> [Work instruction] Without changing a word, repeat the data, and include no pictures.

> [Supplied information]
────
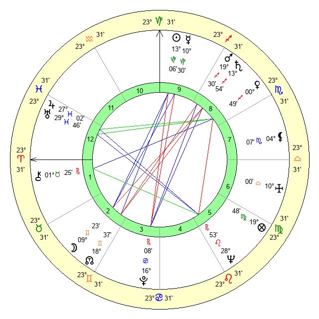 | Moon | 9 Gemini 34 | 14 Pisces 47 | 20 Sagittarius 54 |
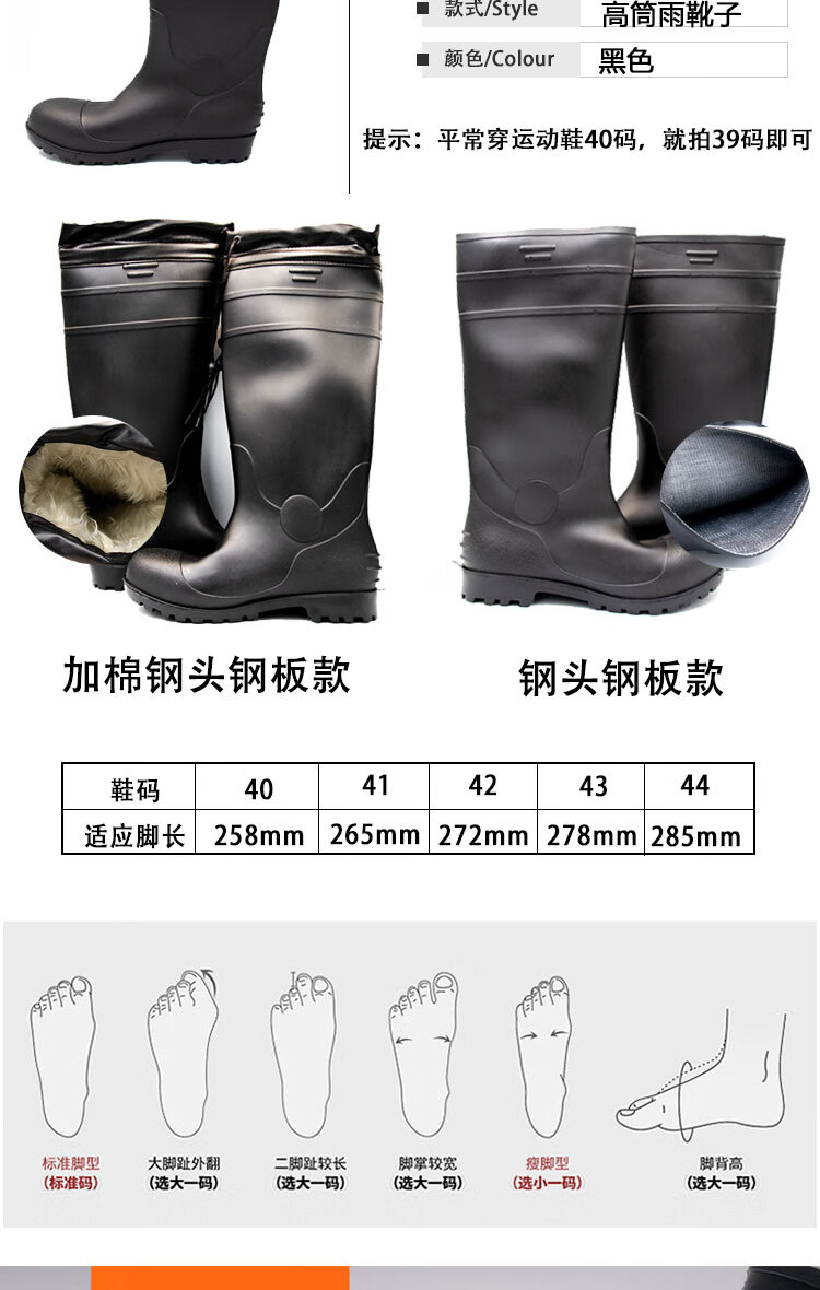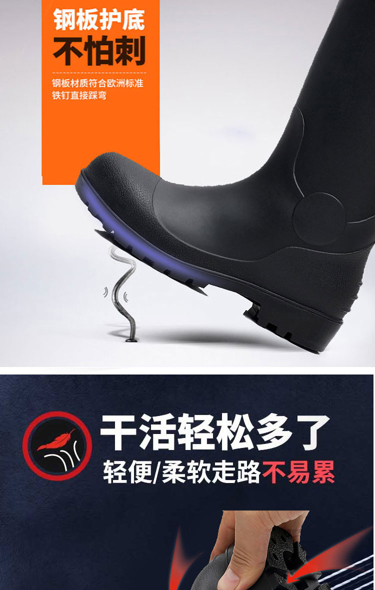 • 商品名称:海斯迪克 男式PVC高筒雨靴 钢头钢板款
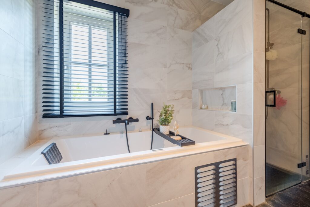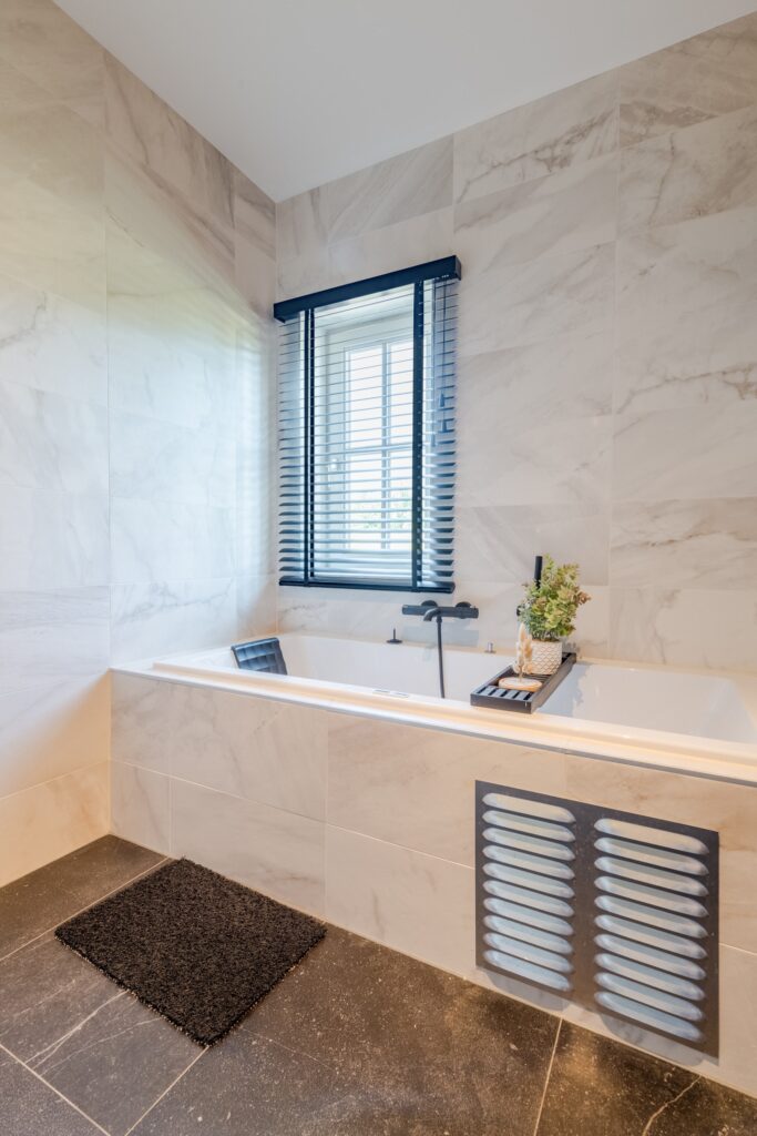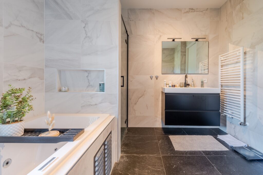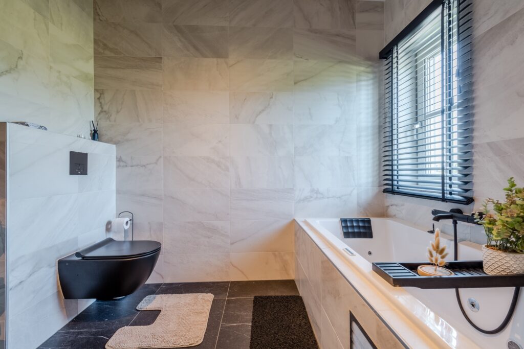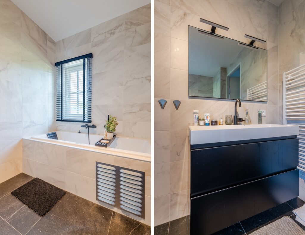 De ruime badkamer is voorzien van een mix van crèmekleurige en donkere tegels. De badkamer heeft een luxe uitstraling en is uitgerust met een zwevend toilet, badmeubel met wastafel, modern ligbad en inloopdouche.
────
> [Result of this exercise]
 | Moon | 9 Gemini 34 | 14 Pisces 47 | 20 Sagittarius 54 |
 • 商品名称:海斯迪克 男式PVC高筒雨靴 钢头钢板款
 De ruime badkamer is voorzien van een mix van crèmekleurige en donkere tegels. De badkamer heeft een luxe uitstraling en is uitgerust met een zwevend toilet, badmeubel met wastafel, modern ligbad en inloopdouche.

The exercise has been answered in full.